What reasons might you have for holding off moving in together?

A complete disinterest in sharing a living situation with another human being, and a desire to avoid the complexity and constant compromise that entanglement on that level invariably creates.

/u/Diablo165


These guys know a measly year together with someone is NOTHING.

A year is the honeymoon phase. Things be going well. After a year is when shit starts getting real.

That’s why.

/u/runningblack


A year is the BARE minimum at which I’d consider moving in with someone. Before that, and likely not until a while after that, I wouldn’t feel I was intimately familiar enough with my SO, and certain enough in our personality and lifestyle compatibility, to run the financial and emotional risks that come with cohabiting.

And I’d be even more wary if I was particularly tangibly invested in my solo-living lifestylea house I owned that I’d need to sell, a killer apartment that I could never find the likes of again, having to move a significant distance, increasing my commute him, having to pay more than before for my portion of the new place’s rent, having perfect-for-me decor that I’d have to compromise on or give up, etc.

I moved in with my fiance at about a year and a half, and we’ve been very happy living together, but I wouldn’t have wanted to do it much sooner, and I was only willing to do it this soon because I have a fair number of LTRs under my belt, and I’ve grown pretty confident in what I’m looking for in a partner.

/u/hobbesnblue


A year is too soon, I say two years is prime move in time.

/u/sourceofnightmares


This guyreally identifies with The Backstreet Boys I Want It That Way (or, like, just the title of it).

I don’t want to give up my space, I don’t want to split bills, and I don’t want to have to go through hell to break up if things go south.

/u/yessum447


According to this guy, there are only four reasons a guy wouldnt move in with you after a year.

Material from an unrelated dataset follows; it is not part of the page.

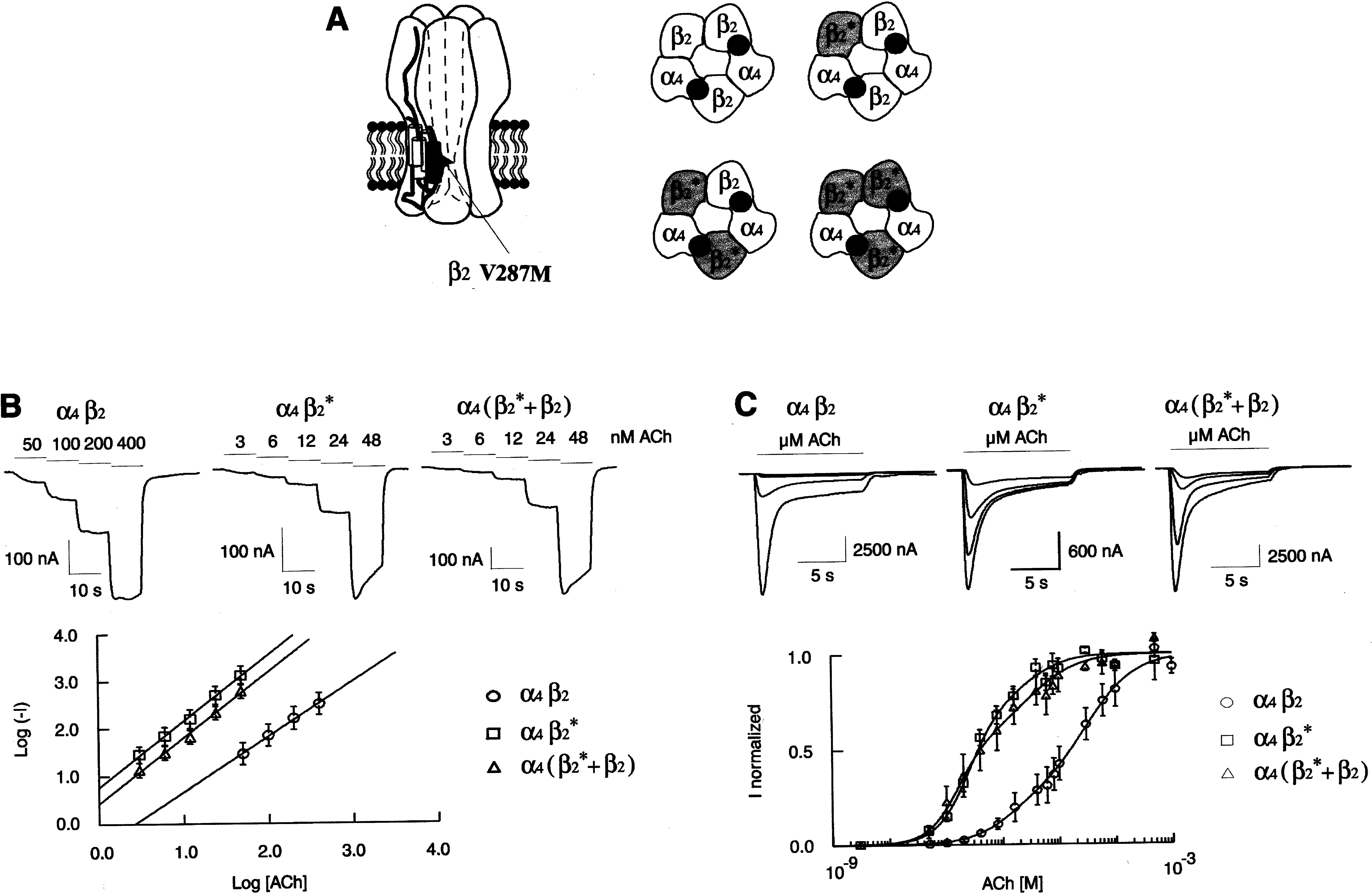 Figure 4. A, left panel, Neuronal α4β2 heteropentameric receptor resulting from the assembly of two α4 and three β2 subunits. Right panel, α4β2 is shown as a pentamer with two potential ACh-binding sites. “β2*” identifies the V287M amino acid substitution. The ACh receptor can assemble without any mutated β2 subunit (α4β2 wild-type receptor) or with one, two, or three mutated β2* subunits. B, upper panel, Current traces elicited by consecutive applications of four or five increasing ACh concentrations (horizontal bars). The values above each bar indicate the concentration of ACh applied to the cell. Lower panel, Differences in ACh affinity are emphasized in a log-log plot. The logarithm of the absolute value of the current (measured in the upper panel, Log [−I]) is plotted as a function of the logarithm of ACh concentrations (Log [ACh]). −I and [ACh] are expressed in nA and nM, respectively. Values are mean ± SEM, with n=9 (α4β2), n=17 (α4β2*), and n=10 (α4[β2*+β2]). Solid lines are the best linear regression throughout data points. C, upper panel, Representative macroscopic currents recorded in oocytes expressing either the wild-type or mutated β2 subunit. Currents evoked by four ACh concentrations (0.1, 0.2, 0.8 and 8 μM) are superimposed. Cells were held at −100 mV and challenged with ACh (10 s) once every 120 s. Bars indicate ACh applications. Lower panel, ACh activation curves for α4β2, α4β2* and α4(β2*+β2). Dose-response curves were normalized to the maximal current amplitude of each cell. Values are mean ± SEM. For each ACh concentration, 3–8 independent measurements were averaged. Values of the curve fits are given in the text.

Thats it. Thats all. Read em and weep.

Only reasons I can think of are

  • lease or contract issues been in this situation before where a landlord won’t break the lease and couldn’t get a sublet
  • planning on leaving to work / live / be somewhere else; e.g. “I’m leaving for Navy Officer school in 6 months and I haven’t told her”
  • just not that into you; things are good but not great
  • weird personal desire to keep things separate

/u/psmgx


This guy understands living alone is a prime deal.

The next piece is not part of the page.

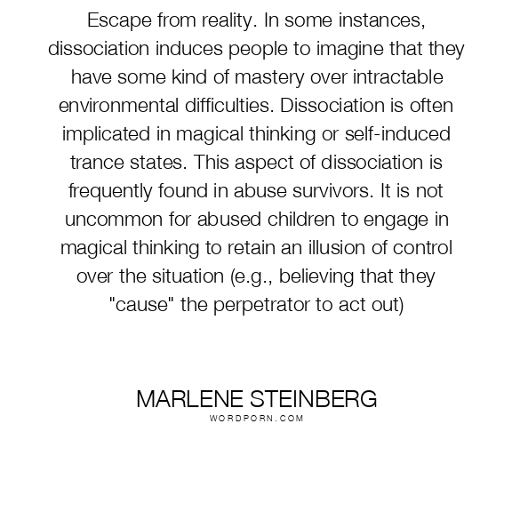 Escape from reality. In some instances, dissociation induces people to imagine that they have some kind of mastery over intractable environmental difficulties. Dissociation is often implicated in magical thinking or self-induced trance states. This aspect of dissociation is frequently found in abuse survivors. It is not uncommon for abused children to engage in magical thinking to retain an illusion of control over the situation (e.g., believing that they "cause" the perpetrator to act out)

I like living alone. Also had living situations that weren’t very good for me so I’d be a bit apprehensive about doing that again. The girl would have to be someone that for sure if wife material to even think that now.

/u/i_heart_blondes


This guys just lookin out for his girlfriend. TAKE NOTES, EVERYONE.

My main problem is that I work part-time and study part-time, so I make very little money, therefore my girlfriend would have to shoulder more of the financial burden and that’s not fair to her. Bills and everything should be split 50/50.

/u/TheMightiestMint


This guys secret passion might be interior decorating, and he doesnt want anyone to mess with that. (Just kidding, but maybe not.)

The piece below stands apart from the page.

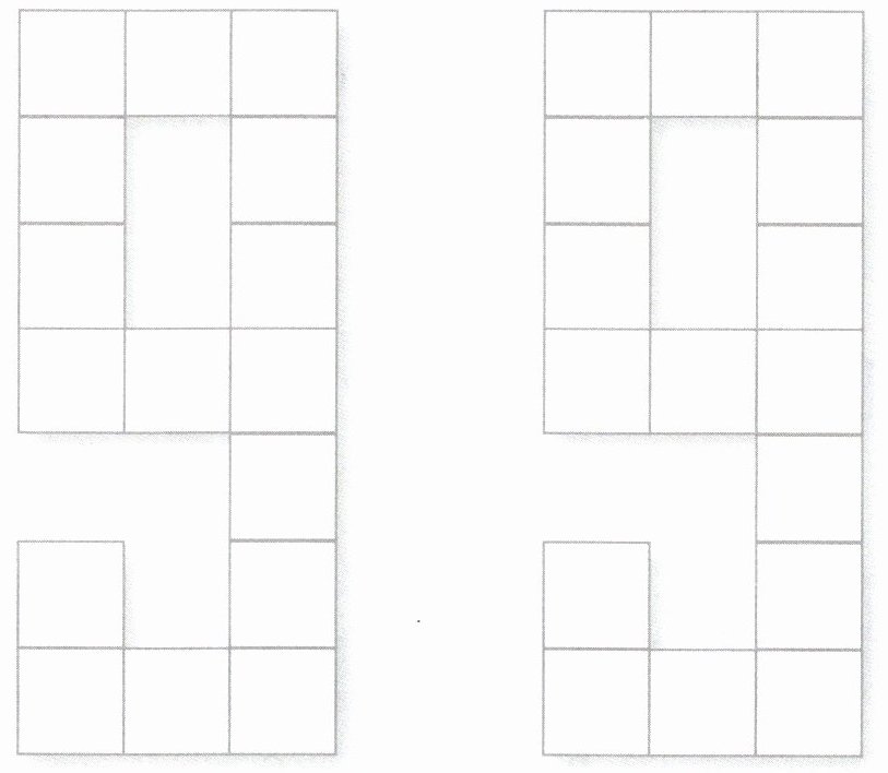 2 用多种四连块分一分数字“9”,在图中画一画。

What reasons might you have for holding off moving in together?

I like having my own place, decorated to my taste, and not having to share it with another person or their stuff.

I love my wife, but if I was single again I would never, share my home with another woman. I miss the solitude I had as a bachelor.

/u/asuraemulator


But really, this guy really needs to start making his own damn bed.

My mom makes my bed for me

/u/PoetJustice

Obviously, communication is key if youre wondering why your guy doesnt immediately want to split his closet with you. So talk it out because he could have a pretty good reason for it.

And be careful not to move too quickly, or youll be making someone elses bed forever.